Most team leaders understand that focus, participation, action planning and commitment are important for team success — and find managing the “process” challenging. Two common challenges are 1) keeping the team on track and 2) generating commitment toward achieving the goal.
Teams are often a group of diverse individuals (with a wide variety of opinions and viewpoints). It takes sound planning, structure and an effective process to foster team commitment to a shared vision and accomplish results. There are many methods that can help, but here are a few to consider.
Warm-up: Icebreakers can be helpful to “warm” the team. They often promote team-building, trust, rapport and familiarity with each other — some encourage creativity and “out-of-the-box” thinking. There are hundreds of icebreaker ideas to choose from; the most effective provide the team with insight into each other and those that promote shared laughter and fun.
Creative idea generation: Brainstorming is a group technique to generate a large number of ideas and/or potential solutions to a problem. Unfortunately, most team leaders don’t lead brainstorming sessions in a way that maximizes the creative synergy or potential of the team. There are a number of “dos and don’ts” for effective brainstorming. A few guidelines:
- Brainstorm at the beginning of meetings (preferably in the morning) when people are fresh.
- Go for quantity — record all ideas (on a flip chart or whiteboard).
- Encourage creativity and fun (laughter aids participation) — even wild and crazy ideas can generate a winning formula.
- Encourage people to build on the ideas of others.
- Allow plenty of time.
- While the team is brainstorming, do not allow anyone to use this time to criticize, reject, ridicule or evaluate ideas (no speeches, pontifications or arguments). Suspending judgment during this time allows participants to freely generate unusual ideas and “out-of-the-box” thinking.
Visuals help support clarity and creativity. “Mind mapping” is another technique that promotes creative problem solving via the use of nonlinear visual diagrams. In this exercise participants put up “branches” of words, ideas or tasks around a central issue or subject (represented by a circle at the center). Some teams use mind mapping to problem solve using each “branch” to represent who, what, when, why and how.
Refinement and consolidation: Once the team has collectively generated new creative ideas, the team often needs to decide (unless the leader is deciding) which idea is the best solution. There are a number of processes that can help — here are a few:
- Establishing evaluation criteria. It’s a good idea for the team to generate criteria to judge which ideas best solve the problem — examples: “should be cost effective” or “should be able to complete by our target date.” Consider establishing a scale (0 to 5) to determine how each idea best meets the criteria.
- Narrowing the list. Again, there are many methods for teams to prioritize and make decisions. If the idea list is long, it may be helpful to let the team “group” related or similar ideas and generate a heading idea that captures the essence of those that are similar. Another useful technique to narrow a list is called “dot voting.” It’s a simple and quick way to give everyone votes and flush out what the majority of the team wants. Each member gets a set number of color-coded dots to “vote” on their favorite ideas.

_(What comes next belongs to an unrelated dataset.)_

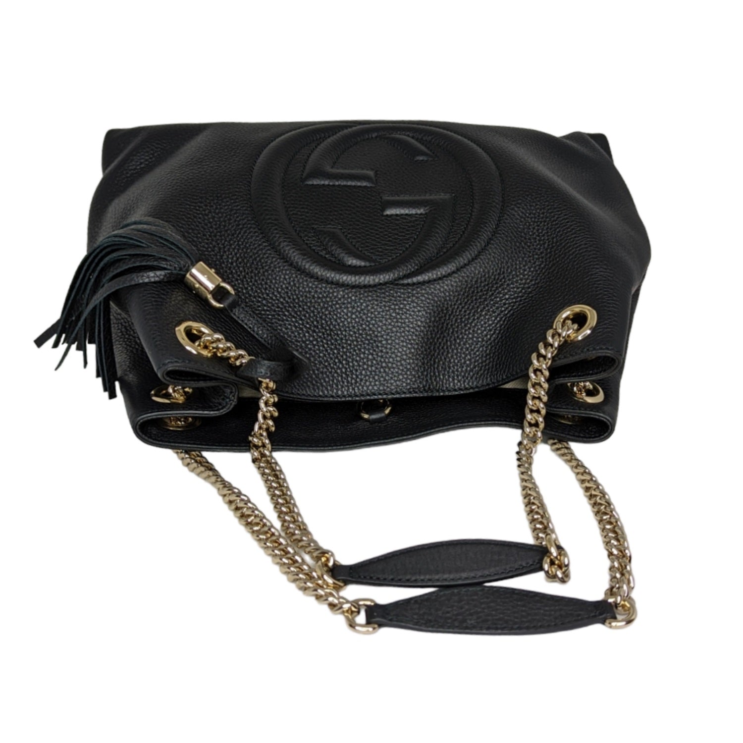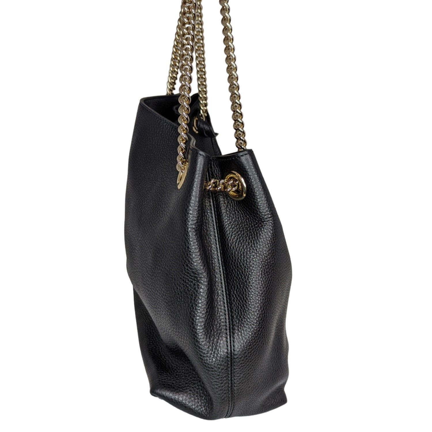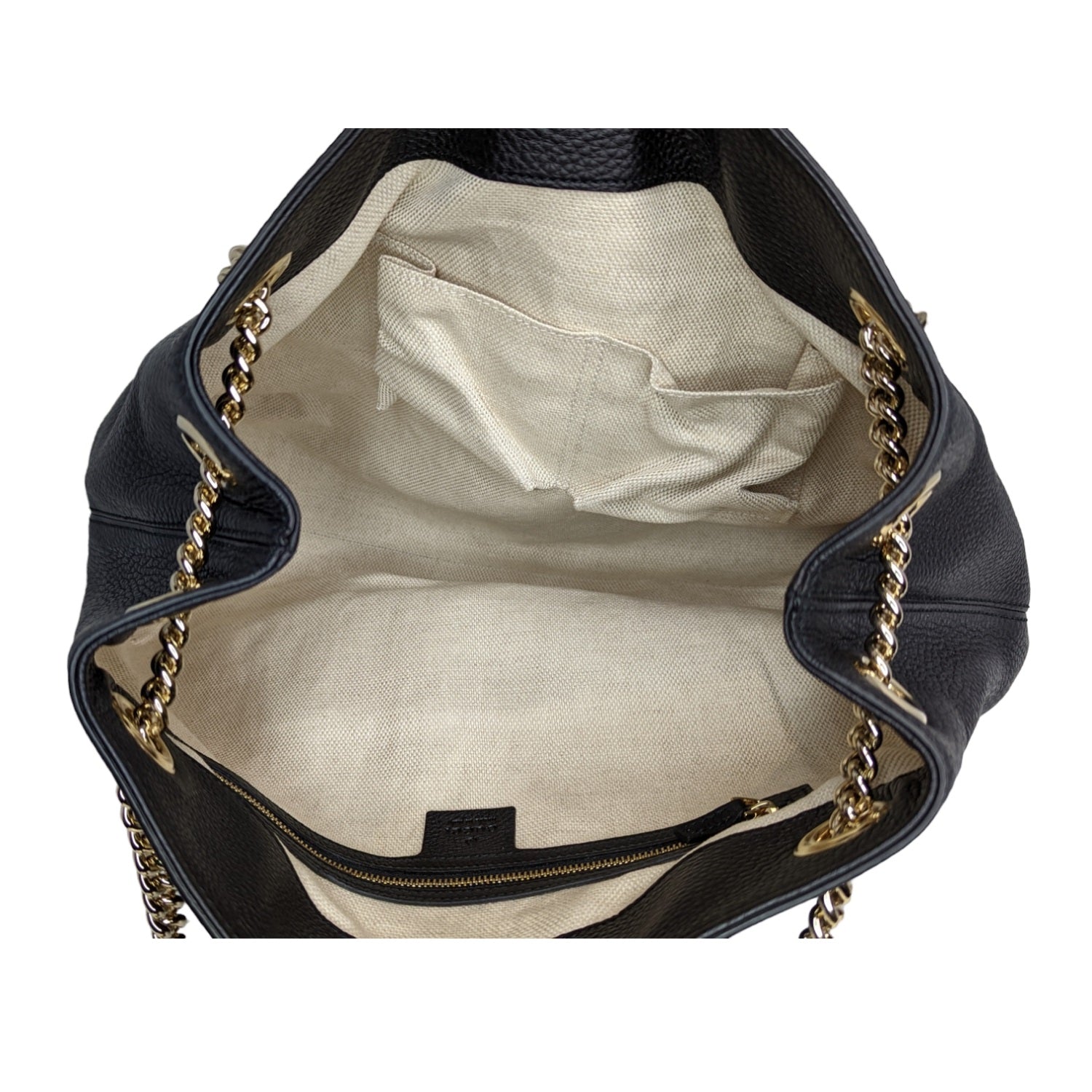 This shoulder bag is crafted of textured calfskin leather in black. The bag features a prominent front interlocking GG quilted logo, polished light gold chain link shoulder straps with shoulder pads, and a decorative light gold knobbed tassel. The top is open to a beige linen fabric interior with pockets.

Evaluating strategies: A valuable technique to further examine upcoming change, decisions and strategies is a “Force-Field Analysis” (developed by Kurt Lewin in 1947). Using this method, teams chart two important forces — what is working toward the desired state (helpful forces in the team’s favor, such as new markets, products, technologies or other resources) and those working against it (restraining forces such as competitors, lack of resources, organizational apathy, etc.). This method helps teams visualize, understand and make clear all the forces acting on an issue. Using this technique can provide a team with new insights in the assessment of potential strategies.
The plan to move forward: Without action there are no results. Promote accountability with action plans that make clear to the team “who will do what by when.” What gets measured and tracked is often what gets done!